Think of a referee in sports. Let's say he really likes (or hates) the coach of a particular team, or is secretly rooting for the underdog to knock off the favorite. Sure, they may "shade" their calls in subtle ways, but at the end of the day they want to call the game right. Unless he's got a bet on the game, the average ref wants to call it straight. After all, they pride themselves on being good refs, right?
And I think the "liberal" media is the same.
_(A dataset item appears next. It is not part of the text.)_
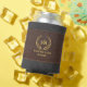 Gold Laurel Wreath Brown & Black Stitched Leather Can Cooler
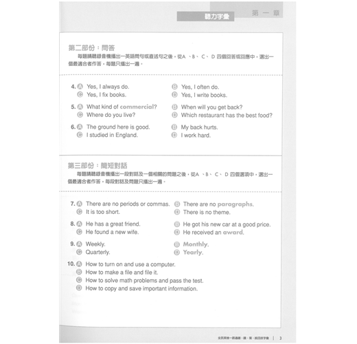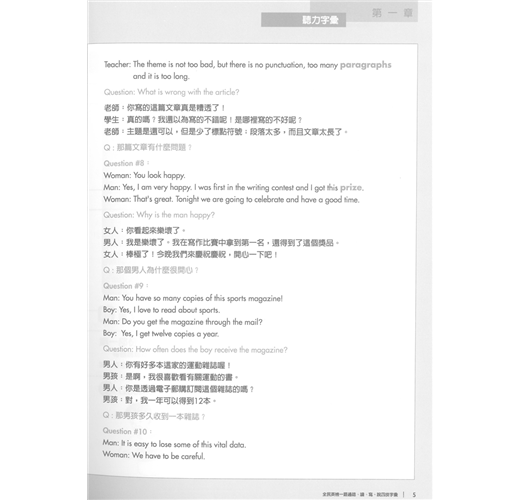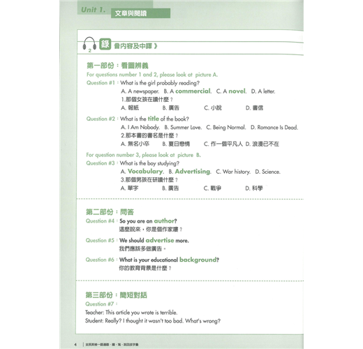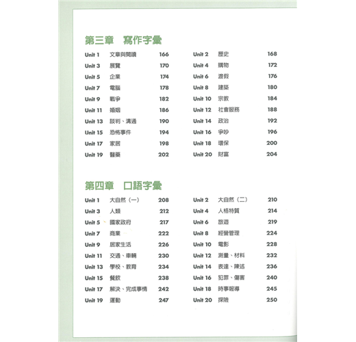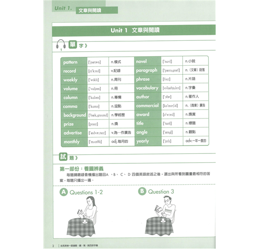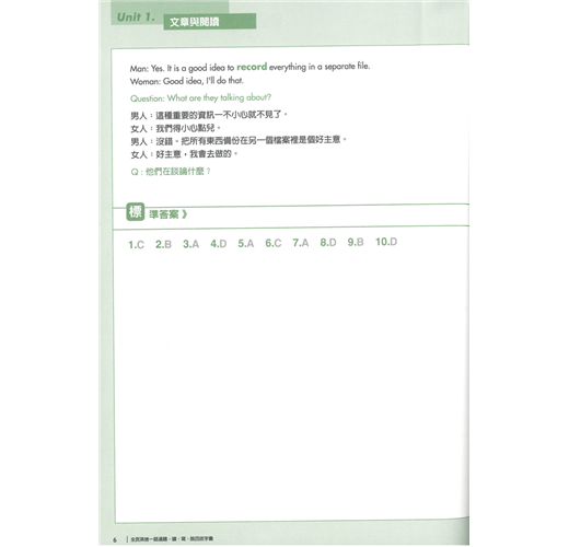 本套書後所附聽力配件為:MP3。(不適用一般音響)本書針對「全民英檢」聽、說、讀、寫四個方向按字的難易程度分配英語常用的單字,非常實用。學單字的目的在於使用,故在聽說讀寫中安排使用的主題單字,好記又好用。特別針對全民英檢聽說讀寫題型而編撰,讓學習者一邊記單字,一邊準備英檢考試,不但可以幫助學習者擴大字彙庫,同時增加學習者的實戰經驗。* 書中已附解答。

Even though most of them probably voted for Stevenson, hated Nixon and were enchanted by Obama, they accepted the fact that the vast majority of Americans preferred Ike over the egghead, Nixon in 1968 and '72, and almost half for McCain and Romney, inexplicably, over "the One." And they at least tried to cover it "straight."
But the conservative media, I would maintain, has no pretensions to objectivity. Oh sure, Fox's slogan is "Fair and Balanced," but just watching it for a few minutes with my mother made that seem positively Orwellian. It's really a propaganda channel, not a news channel. Or the house organ of the Republican Party. Seriously.
So that's where we are and how we got that way. People choose their own news outlets and those outlets become more and more liberal or conservative in order to capture market share. (Although I would still argue that the "liberal" ones are more fact-based. But I would say that, wouldn't I?)
So how do we get out of this? I have no idea. Maybe America will resemble California more and more, in which Democrats have all but vanquished Republicans, but I doubt it. At least for the remainder of my life (thirty years or so?), I think we're stuck with this current polarization. I don't expect it to get a whole lot better; but how could it get a whole lot worse?